- Education: University of Wales (BSc, PhD) University of Oxford (MSc)
- Awards: Murchison Medal (2013)
- Scientific career
- Fields: Volcanology
- Workplaces: Ulster University University of Liverpool
- Thesis: The igneous history of the Rhobell Fawr area, Merioneth, North Wales. (1977)

= Peter Kokelaar =

British volcanologist

Peter Kokelaar is a British volcanologist, known for his field studies of volcanoes and volcanic processes ancient and modern. He was awarded the Murchison Medal of the Geological Society of London in 2013.

==Early life and education==
Kokelaar was born on the Gower Peninsula, Wales, and went to Penclawdd Junior School, Gowerton Grammar School and then at Llandaff Technical College, Cardiff. Kokelaar studied geology at Aberystwyth University, gaining a BSc, and then studied for an MSc in geochemistry at the University of Oxford. He subsequently returned to Aberystwyth University, where he completed a PhD on the Ordovician volcanic rocks of the Harlech dome, Snowdonia. Kokelaar worked at Ulster University for ten years, before moving to the University of Liverpool as Reader in Geology. He was later appointed the George Herdman Professor of Geology. Kokelaar retired in 2014.

==Career==
Kokelaar is known for his field studies of volcanic deposits and volcanic processes, in both ancient geological settings and geologically-young volcanoes. He has studied aspects of submarine volcanism, and submarine deposition of volcanic rocks. He has worked extensively on the mechanisms of caldera collapse, both at the ancient volcanoes of Glencoe and in the British Lake District. In the late 1990s, Kokelaar was involved in the formal assessment of the UK government's response to the eruption of the Soufriere Hills volcano, on the eastern Caribbean island of Montserrat.

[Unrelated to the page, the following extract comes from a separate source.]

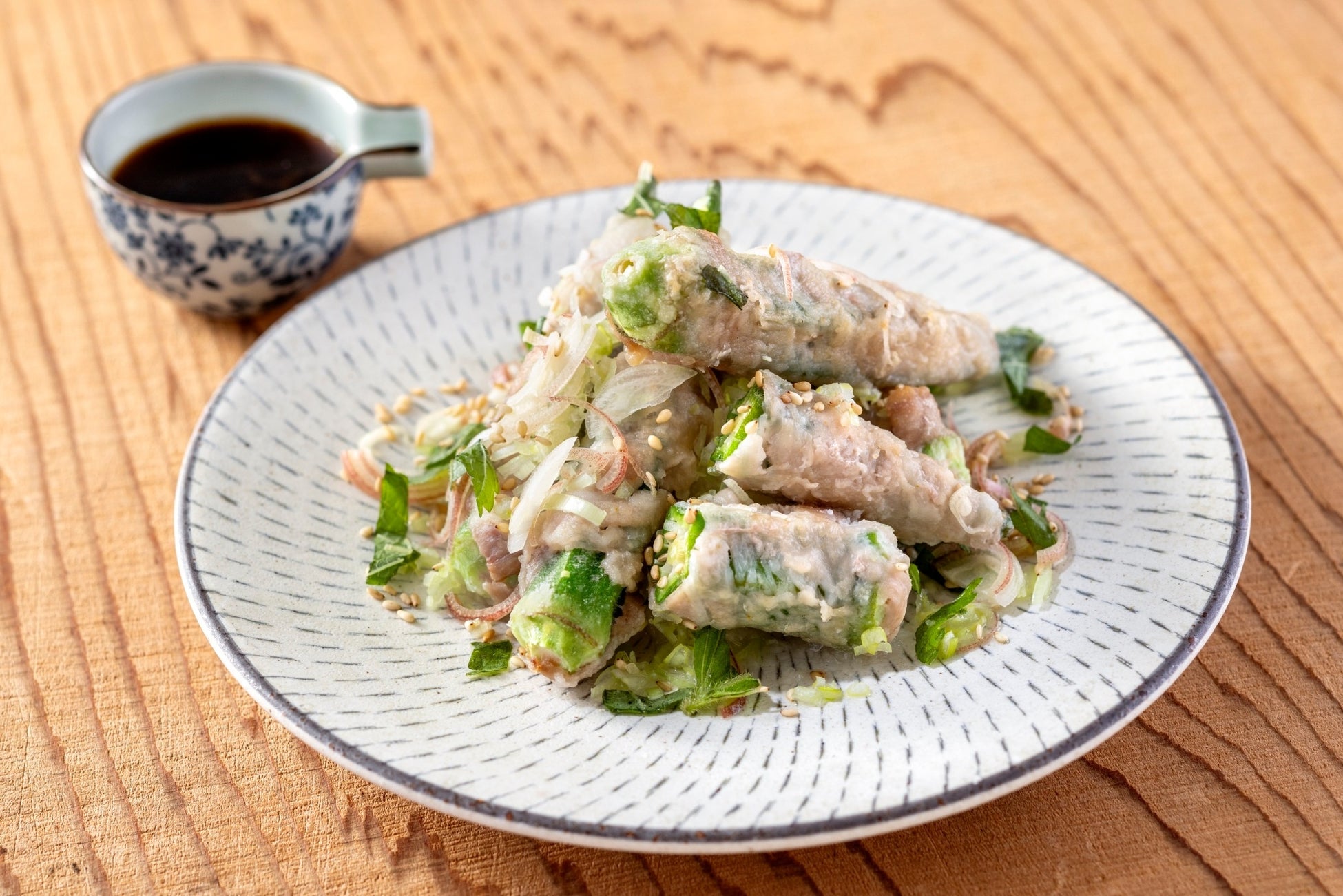 宮古島の檬果家から直送されるオクラを豚肉でまき、ポン酢ベースのさっぱりとした薬味ダレを添えました。

In 1996, Kokelaar presented a case on behalf of the Friends of the Earth to the Sellafield public planning enquiry, laying out the complexity of the bedrock conditions in the Borrowdale Volcanic Group, and presenting the case against the then plans by UK NIREX Ltd to construct a rock characterisation facility as a part of a plan for an underground repository for the radioactive waste disposal. Plans for the waste disposal facility were not approved.

In 2013, Kokelaar was awarded the Murchison Medal by the Geological Society of London in recognition of his contributions to volcanology.

In retirement, Kokelaar continues to research and write. He published a book on the landscape and water resources of the Gower peninsula, All our own water in 2021.

==Selected bibliography==

- "Marginal Basin Geology: Volcanic and Associated Sedimentary and Tectonic Processes in Modern and Ancient marginal Basins" (1984)

- Branney, Michael J. (2002). "Pyroclastic density currents and the sedimentation of ignimbrites"

- "The eruption of the Soufriere Hills Volcano, Montserrat from 1995 to 1999" (2002)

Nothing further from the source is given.